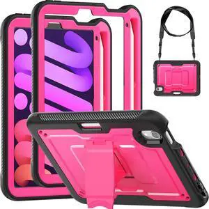 Miimall for iPad mini 7 Case with Stand, Shoulder Strap, Built-in Stylus Holder, Heavy Duty Shockproof Crossbody Case for iPad mini 7th/6th Generation 8.3", Hot Pink
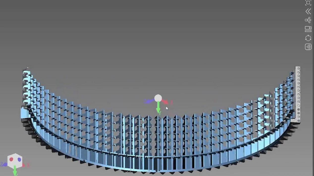 03 采用3D扫描仪进行尺寸及形变数据采集,TrackScan-Sharp激光三维扫描仪单站测量范围更广,较普通三维扫描仪转站次数更少,减少了后续数据对齐和拼接次数,3小时以内即可完整获取定子机座尺寸及缺陷形变处的高精度三维数据。
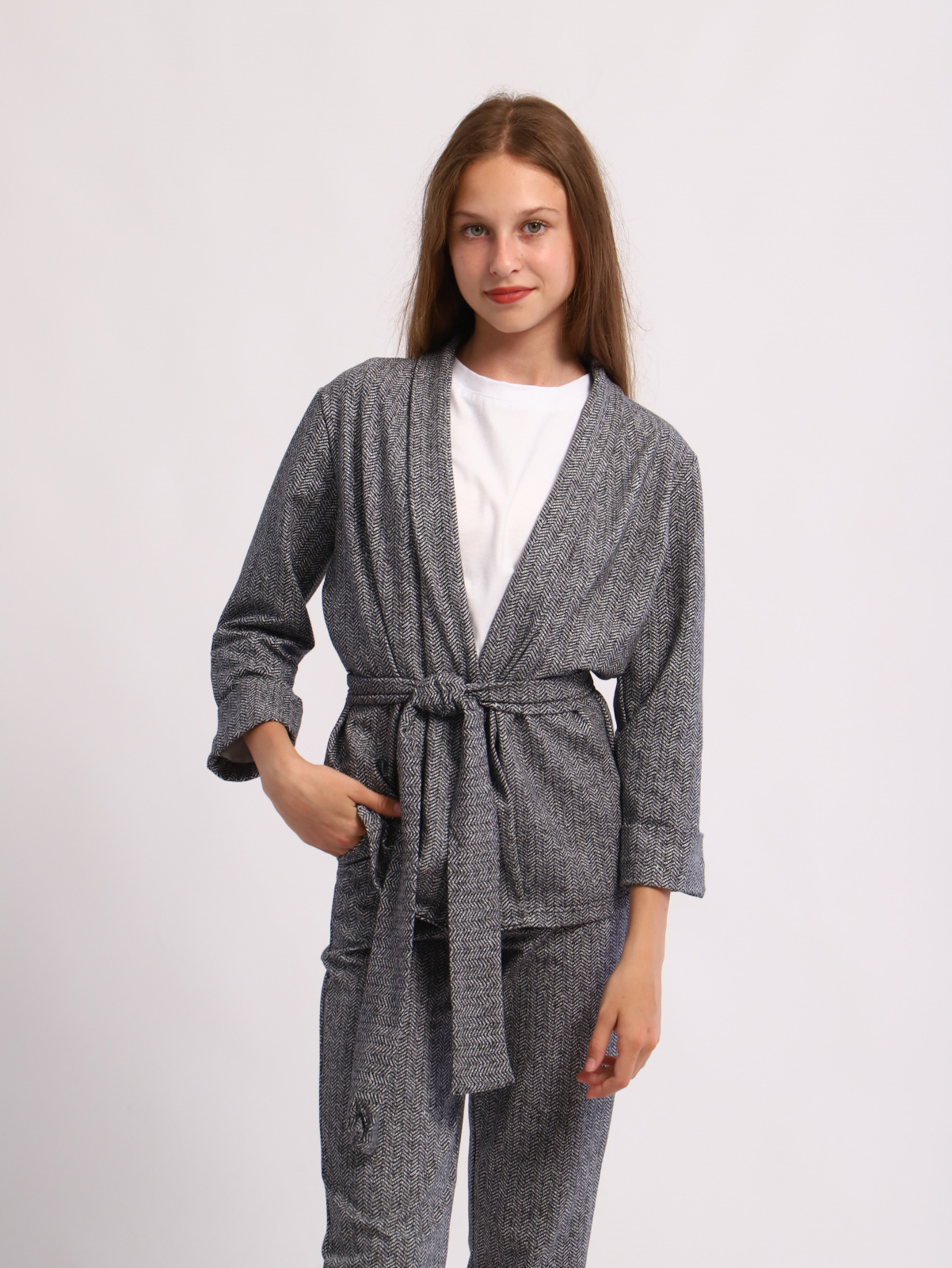 Трикотажный школьный костюм - двойка, который состоит из жакета с поясом кроя оверсайз и брюк на резинке прямого свободного кроя. Брюки с высокой и комфортной посадкой и эластичным поясом на резинке. Штаны длиной 7/8. в боковых швах - карманы. Женский пиджак прямого кроя с отворотом, длина рукава три четверти (3/4) с подгибом. Жакет фиксируется на талии элегантным поясом.

========

## Task details
Transcribe every line from the one containing "03 采用3D扫描仪进行尺寸" to the end of the listing, exactly and exclusively. Do not carry any picture over.

## Problem solution
 03 采用3D扫描仪进行尺寸及形变数据采集,TrackScan-Sharp激光三维扫描仪单站测量范围更广,较普通三维扫描仪转站次数更少,减少了后续数据对齐和拼接次数,3小时以内即可完整获取定子机座尺寸及缺陷形变处的高精度三维数据。
 Трикотажный школьный костюм - двойка, который состоит из жакета с поясом кроя оверсайз и брюк на резинке прямого свободного кроя. Брюки с высокой и комфортной посадкой и эластичным поясом на резинке. Штаны длиной 7/8. в боковых швах - карманы. Женский пиджак прямого кроя с отворотом, длина рукава три четверти (3/4) с подгибом. Жакет фиксируется на талии элегантным поясом.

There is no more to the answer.